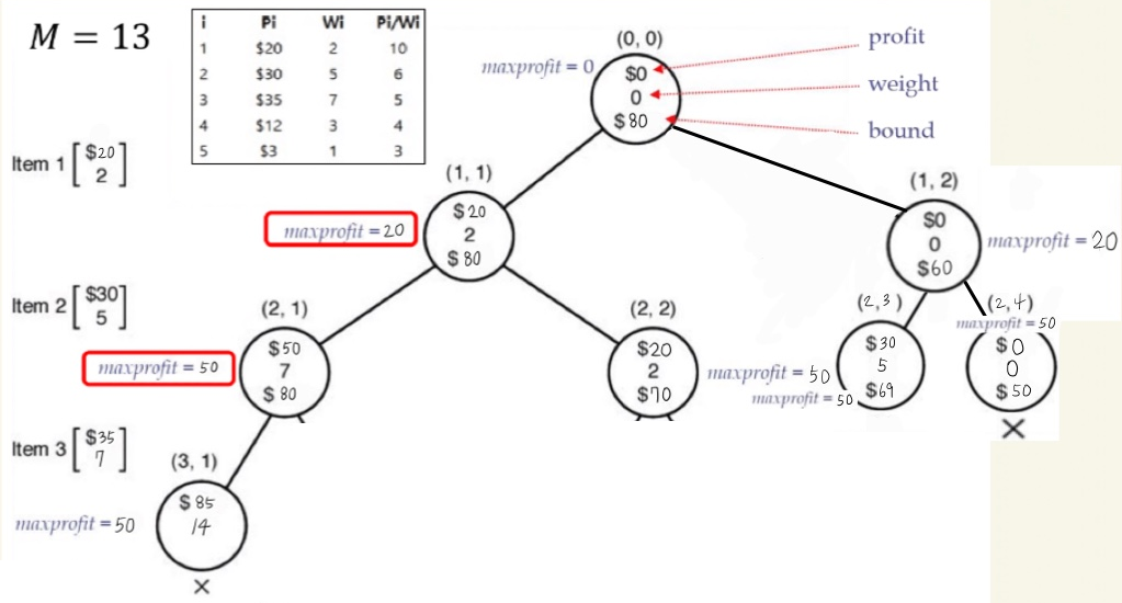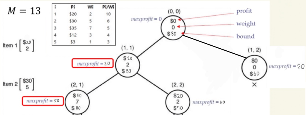 3. (weight < M) && (bound > maxprofit) 이면, 유망하다고 보고 가지를 뻗어나갑니다.
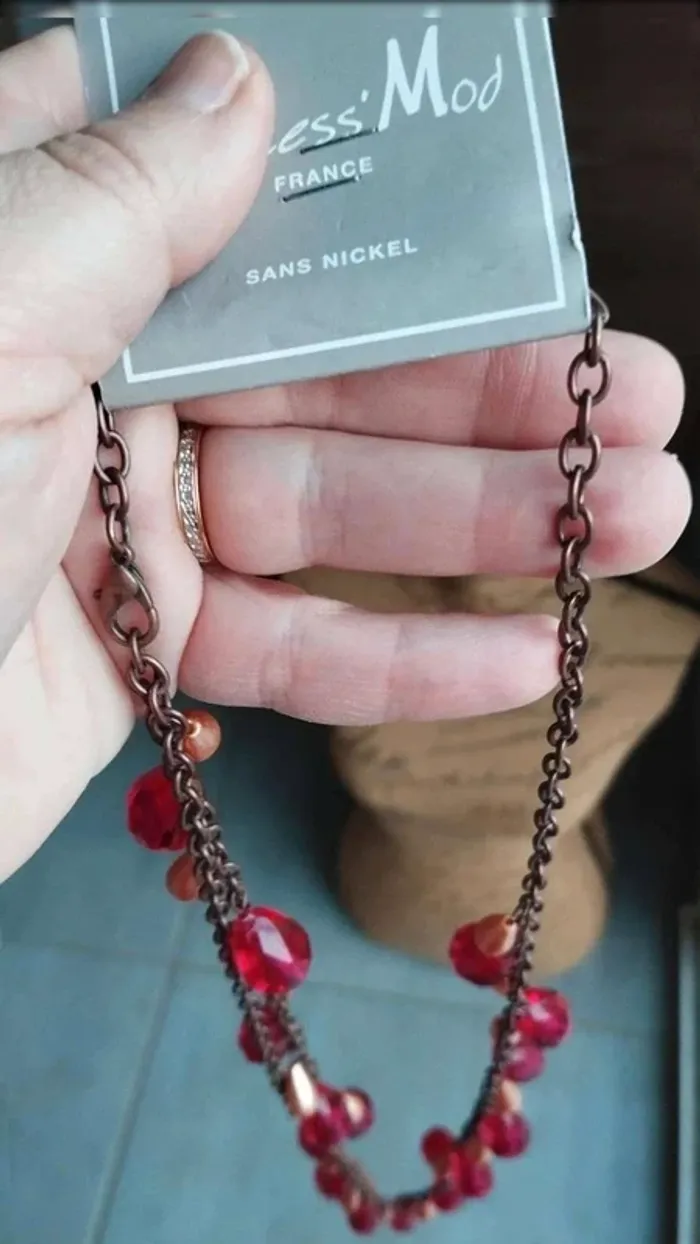 Sautoir  collier  perles rouge marron - photo numéro 5
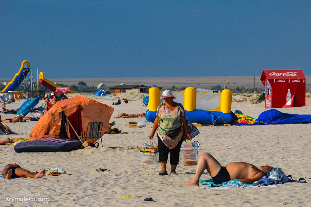 Полный набор пляжных радостей и разноцветных зонтиков, а на горизонте пустынная выжженная степь.
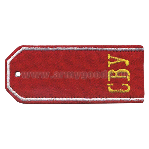 Погоны красн. суконные с вышитым белым кантом и желтыми буквами «СВУ»
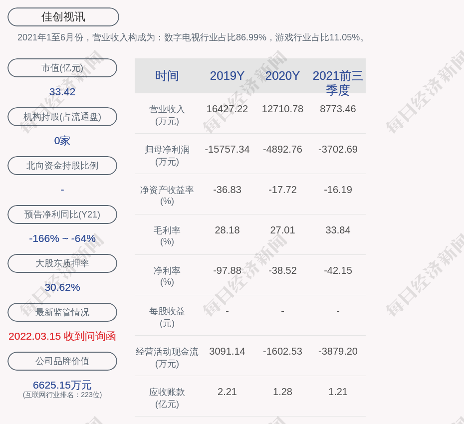2021年1至6月份,佳创视讯的营业收入构成为:数字电视行业占比86.99%,游戏行业占比11.05%。
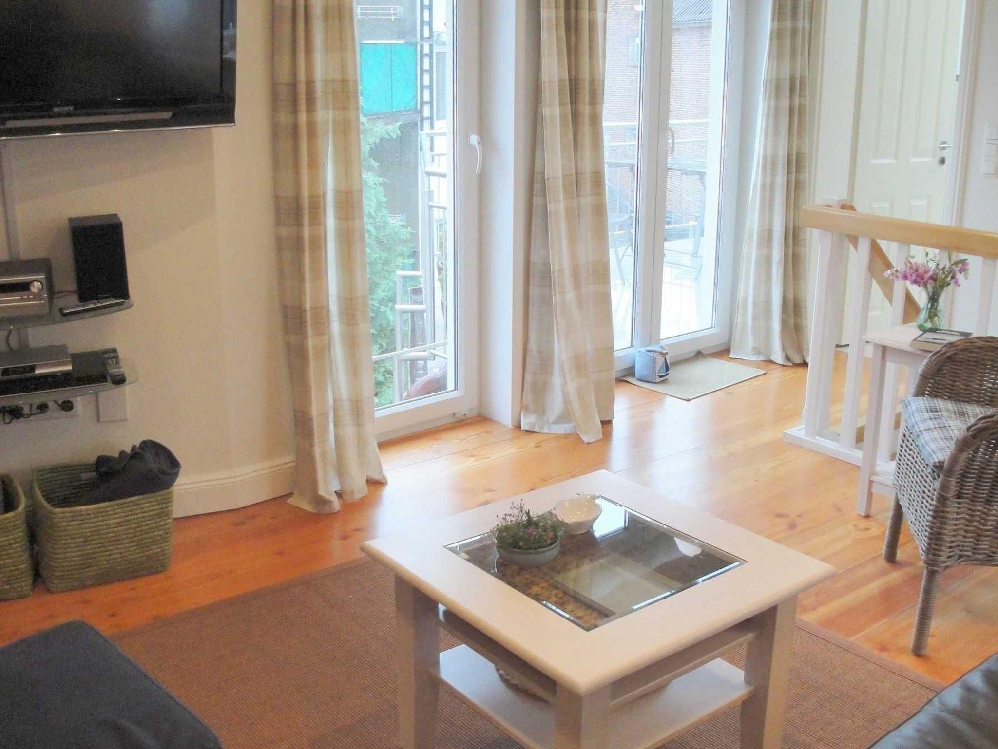 Die hell und geschmackvoll eingerichtete Ferienwohnung (100 qm), geeignet für bis zu 6 Personen befindet sich im 1. und 2. OG eines Stadthauses mit eigenem Balkon und 1 reserviertem Parkplatz (ca. 300 m vom Haus entfernt).
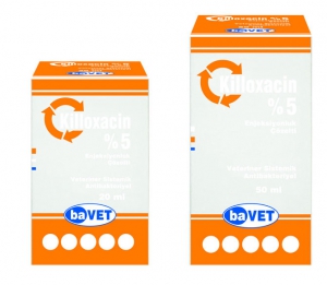 BİLEŞİMİ Her ml’sinde 50 mg Enrofloksasin içerir. KULLANIM YERİ / ENDİKASYONLARI KİLLOXACİN %5 sığır, koyun, keçi, kedi ve köpeklerde enrofloksasine duyarlı Gram negatif, Gram pozitif bakterilerle mikoplazmaların oluşturduğu enfeksiyonların tedavisinde; viral hastalıklar sırasında oluşan enrofloksasine duyarlı bakteriyel komplikasyonlarda kullanılmaktadır. UYGULAMA ŞEKLİ VE DOZU Veteriner hekim tarafından başka bir şekilde önerilmediği takdirde KİLLOXACİN % 5 Enj. Çöz.’nin tavsiye edilen farmakolojik dozu 2.5 mg/kg canlı ağırlık/gün olup pratik dozu günlük 20 kg canlı ağırlık için 1 ml‘dir. Tüm hayvanlarda kas içi (İM), deri altı (SC) veya damar içi (İV) olarak uygulanır. Tedavi üç gün boyunca devam eder. Köpek ve kedide günlük doz 5 mg/kg canlı ağırlık veya 10 kg canlı ağırlık için 1 ml Killoxacin’dir. Bu doz günde bir kez 5-7 gün boyunca deri altı yolla uygulanır. |

*-*-*

ASSIGNMENT
Here the job is to output the lines from the top of the listing through the line holding "Die hell und", word for word and without pictures.

YOUR SOLUTION
 3. (weight < M) && (bound > maxprofit) 이면, 유망하다고 보고 가지를 뻗어나갑니다.
 Sautoir  collier  perles rouge marron - photo numéro 5
 Полный набор пляжных радостей и разноцветных зонтиков, а на горизонте пустынная выжженная степь.
 Погоны красн. суконные с вышитым белым кантом и желтыми буквами «СВУ»
2021年1至6月份,佳创视讯的营业收入构成为:数字电视行业占比86.99%,游戏行业占比11.05%。
 Die hell und geschmackvoll eingerichtete Ferienwohnung (100 qm), geeignet für bis zu 6 Personen befindet sich im 1. und 2. OG eines Stadthauses mit eigenem Balkon und 1 reserviertem Parkplatz (ca. 300 m vom Haus entfernt).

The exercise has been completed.